The pulse width modulator 14B in addition to the first input 31, has a second input 31′, a first output 33 that is connected to circuit ground 15, and a second output 35. The modulator 14B has means for varying the “on time” pulse width of the symmetrical square wave that is applied from the first output 27 located on the pulse generator 14A. The second output 29 from the pulse generator 14A controls the voltage and current levels that are applied to the LEDs 71 that comprise the LED load 16. The longer the “on time” of the pulse width, the higher the voltage and current that is applied to the LED load 16. To allow the modulator 14B to maintain an optimum frequency, a crystal Y1 is connected to the modulator 14B. The crystal Y1 is preferably designed to produce a frequency of 2 MHz.

The pulse drive circuit 14C includes a first input 37, a second input 39, a first output 41 and a second output 43. The circuit 14C has means for sampling the symmetrical square wave that is applied to the first input 37 from the second output 35 applied from the pulse width modulator 14B. The first output 41 is a feedback signal that is applied to the second input 25 on the pulse generator 14A. The second input 39 is applied from the first output 47 connected to the current control circuit 14D.

The pulse drive circuit 14C functions as a self-adjusting “closed loop” circuit that monitors and maintains the voltage and current that is applied to the LEDs 71 at a constant level commensurate with the configuration of the LED load 16. The second output 43 which that is comprised of a varying square wave, is applied to a first input 57 which is the gate of the MOSFET 14F.

The MOSFET 14F functions as an ON and OFF switch and includes the first input 57, a second input 59 and an output 61. When the MOSFET 14F is turned ON, current flows through the LEDs 71 to ground 15 via the current sample circuit 14E. The switching action of the MOSFET 14F allows current to flow through the LEDs 71 to ground 15 through an input 51 and a first output 53 both located on the current sample circuit 14E. The output 53 is connected directly to circuit ground 15. The current sample circuit 14E is designed to sample the current drawn by the LED load 16 and to apply the sample current to an input 45 located on the current control circuit 14D which also has a first output 47, and a second output 49 that is connected to circuit ground 15.
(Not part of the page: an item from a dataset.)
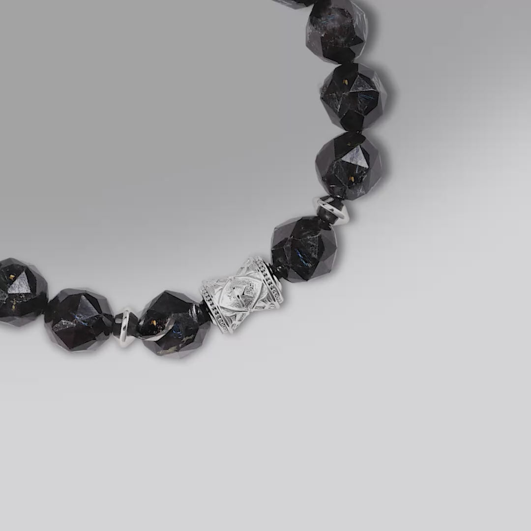 Known as the "Sorcerer's Stone," Nuummite is one of the oldest minerals on Earth,Its deep black color, infused with golden flashes, adds a touch of rare elegance to the bracelet.

The current control circuit 14D produces at the first output 47, a feedback signal that is applied to the second input 39 located on the pulse drive circuit 14C. This feedback signal, in turn, causes the signal from the first output 41 applied from the pulse drive circuit 14C to be applied to the second input 25 on the pulse generator 14. The frequency of the first output 27 from the pulse generator 14A is applied to the input 31 on the pulse width modulator 14B. This application controls both the voltage and the current that is applied to the input 73 of the LED load 16.

The current control circuit 14D is designed to automatically adjust both the voltage and the current applied to the LED load 16. To allow the current control circuit 14D maintain an optimum current flow, a varistor RV1 is connected across the circuit 14D and the current sample circuit 14E. The circuit 14D also produces a third output 47′ that is connected to the second input 31′ located on the pulse width modulator 14B.

The final two elements that comprise the LPCC 14 are the diode 14G and the external coil 14H. The diode 14G has an input that is connected to the anode 63 of the diode 14G and an output that is connected to the diode's cathode 65. The anode 63 is connected to the second input 59 on the MOSFET 14F. The diode 14G functions as a protective diode that prevents the MOSFET 14F from being damaged by a back Electro-Magnetic Force (EMF). The back EMF occurs when the magnetic field of the coil 14H collapses during the “OFF” time of the either of the voltage sources 12A and 12B.

The coil 14H includes an input 67 and an output 69. The input 67 is connected to the intersection of the second output 29 connected to the pulse generator 14A and the cathode 65 of the diode 14G. The coil 14H functions as a “filter choke” that is designed to smooth the square wave that is applied from the output 69 of the coil 14H to the input 73 of the LED load 16. The output 75 of the LED load 16 is connected to the intersection of the second input 59 of the MOSFET 14F and the anode 63 of the diode 14G. The LED load 16 is comprised of a plurality of LEDs 71 that preferably are connected in a series-parallel configuration.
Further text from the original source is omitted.